Also, in the embodiment, the application 111 may configure group members of an AR environment library S103.
Here, the AR environment library according to the embodiment may mean a library that provides at least one AR environment model.
At this time, the AR environment model according to the embodiment may mean a predetermined 3D definition model and a model including a predetermined virtual object anchored to the 3D definition model.
Here, the 3D definition model according to the embodiment may mean a model trained to track the changes in the 6 DoF parameters of a predetermined object.
Specifically, the application 111 according to the embodiment may configure group members with the rights to share the AR environment library (including a track library, which will be described later).
At this time, a group member may be at least one other user who has registered an account on the service platform.
More specifically, in the embodiment, when the application 111 obtains use rights for the object tracking service through the membership subscription service, the application 111 may provide a user interface (in what follows, a member configuration interface) through which a group member may be configured.

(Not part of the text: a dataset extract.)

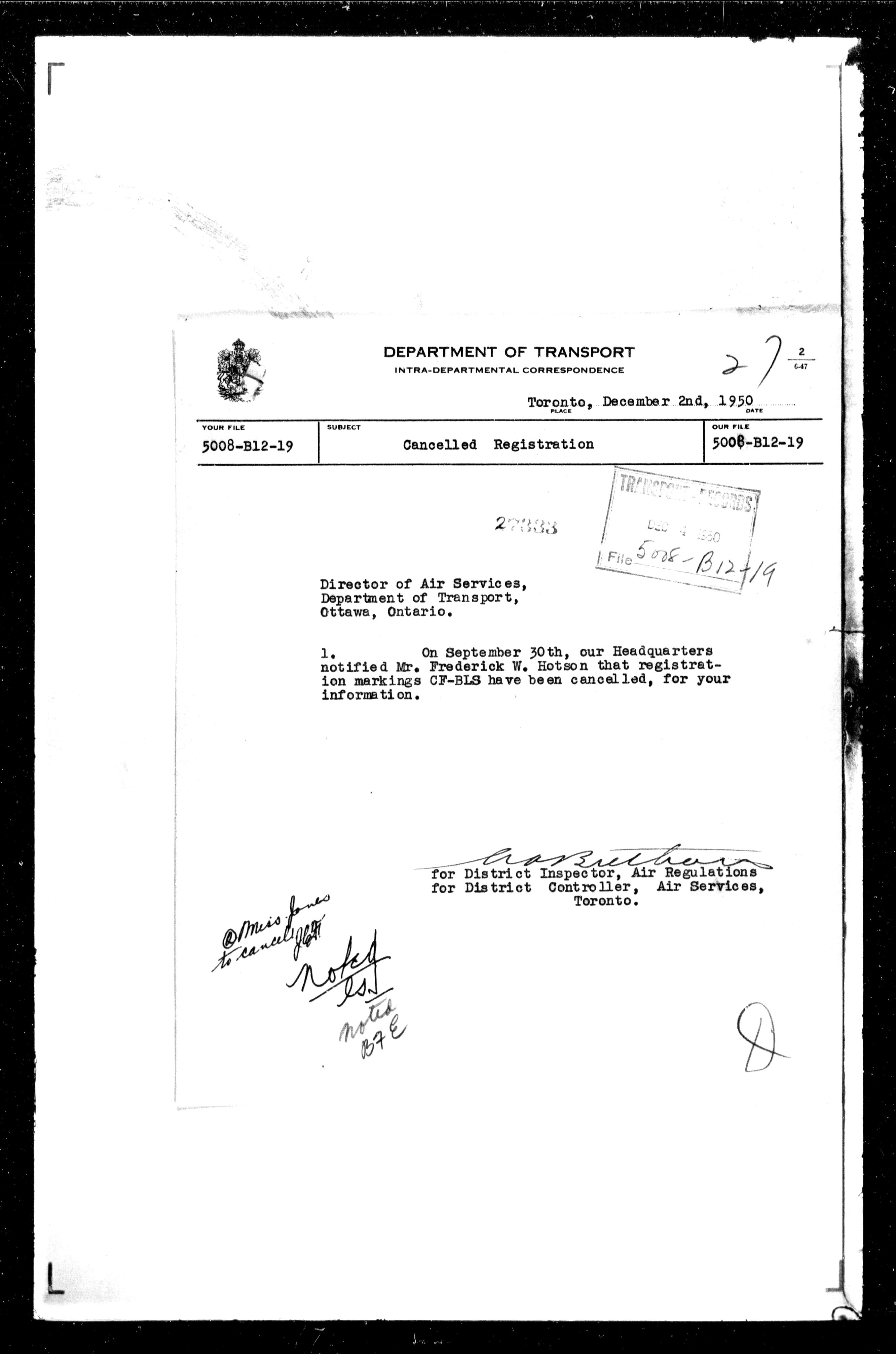 Department of Transport : Civil aircraft registration, inspection and operation files, block 5008, 1920-1986 - 7462

Then the application 111 may configure at least one other user as a group member based on the user input obtained from the provided member configuration interface.
Through the operation above, the application 111 may subsequently provide a function of sharing various data (in the embodiment, the AR environment model and/or 3D definition model) among group members based on the service platform.

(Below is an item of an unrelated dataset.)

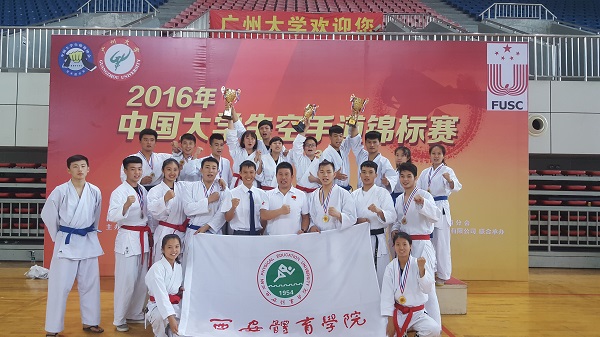 十月的羊城,秋高气爽。2016年全国大学生空手道锦标赛于10月11日在广州大学体育馆拉开帷幕,本次比赛共有来自全国30所大学300余名运动员参赛。经过三天的鏖战,我院大学生空手道代表队成功卫冕男子团体组手冠军,同时在男子B组组手-75公斤级、男子B组组手+79公斤级、女子B组组手-49公斤级、女子C组组手-61公斤级分获冠军,男子B组组手+79公斤级、女子B组组手-49公斤级冠军的获得是该项目新的突破。本届比赛,我院共取得了5金6银4铜,奖牌和团体总分第一名的辉煌成绩,并获得“体育道德风尚奖”,为学院赢得了荣誉。在空手道项目已列入2020年东京奥运会比赛项目的历史时刻,此次比赛意义深远!

Also, in the embodiment, the application 111 may determine a target criterion object S305.
Here, a target criterion object according to the embodiment may mean a 3D definition model for the target object for which tracking is to be performed.
In other words, the target criterion object CO may be a model trained to track the changes in the 6 DoF parameters of the target object for which tracking is to be performed.
FIG. 4 is an exemplary drawing illustrating 6 degrees of freedom (DoF) parameters according to an embodiment of the present disclosure.
For reference, referring to FIG. 4 , 6 degrees of freedom refers to pose information of an object moving in the predetermined 3D space, including six rotational and translational motion elements.
Specifically, 6 DoF parameters may include rotation data (R values) that include measurements of left-to-right rotation (Roll) around X-axis, forward-to-backward rotation (Pitch) around Y-axis, and up-down rotation (Yaw) around Z-axis in the 3D orthogonal coordinate system.
Further, 6 DoF parameters may include translational data (T values) that include measurements of forward/backward, left/right, and up/down translational motions in the 3D orthogonal coordinate system.
Returning to the disclosure, the target criterion object according to the embodiment may include descriptors of the object and distance information corresponding to each descriptor (in what follows, 3D depth data).
The target criterion object may be a model trained to track the changes in the 6 DoF parameters of the object based on the 3D depth data.
More specifically, the application 111 according to the embodiment may determine the target criterion object CO based on 1) a predetermined 3D definition model within a track library.
At this time, the track library according to the embodiment may mean a library that provides at least one 3D definition model.
For example, the preconfigured, predetermined 3D definition model may include a 2D rectangular model, a 3D cube model, and a 3D cylinder model.
Also, in the embodiment, the application 111 may obtain user input that selects at least one from among 3D definition models within the track library.
Also, in the embodiment, the application 111 may read and download a 3D definition model selected according to the user input from the track library.
In this way, the application 111 may determine the 3D definition model according to the user's selection as a target criterion object.
Meanwhile, in the embodiment, the application 111 may determine a target criterion object based on 2) the object shape.
In the embodiment, the object may mean an object contained in a real-time image obtained by capturing the 3D space through the image sensor 161.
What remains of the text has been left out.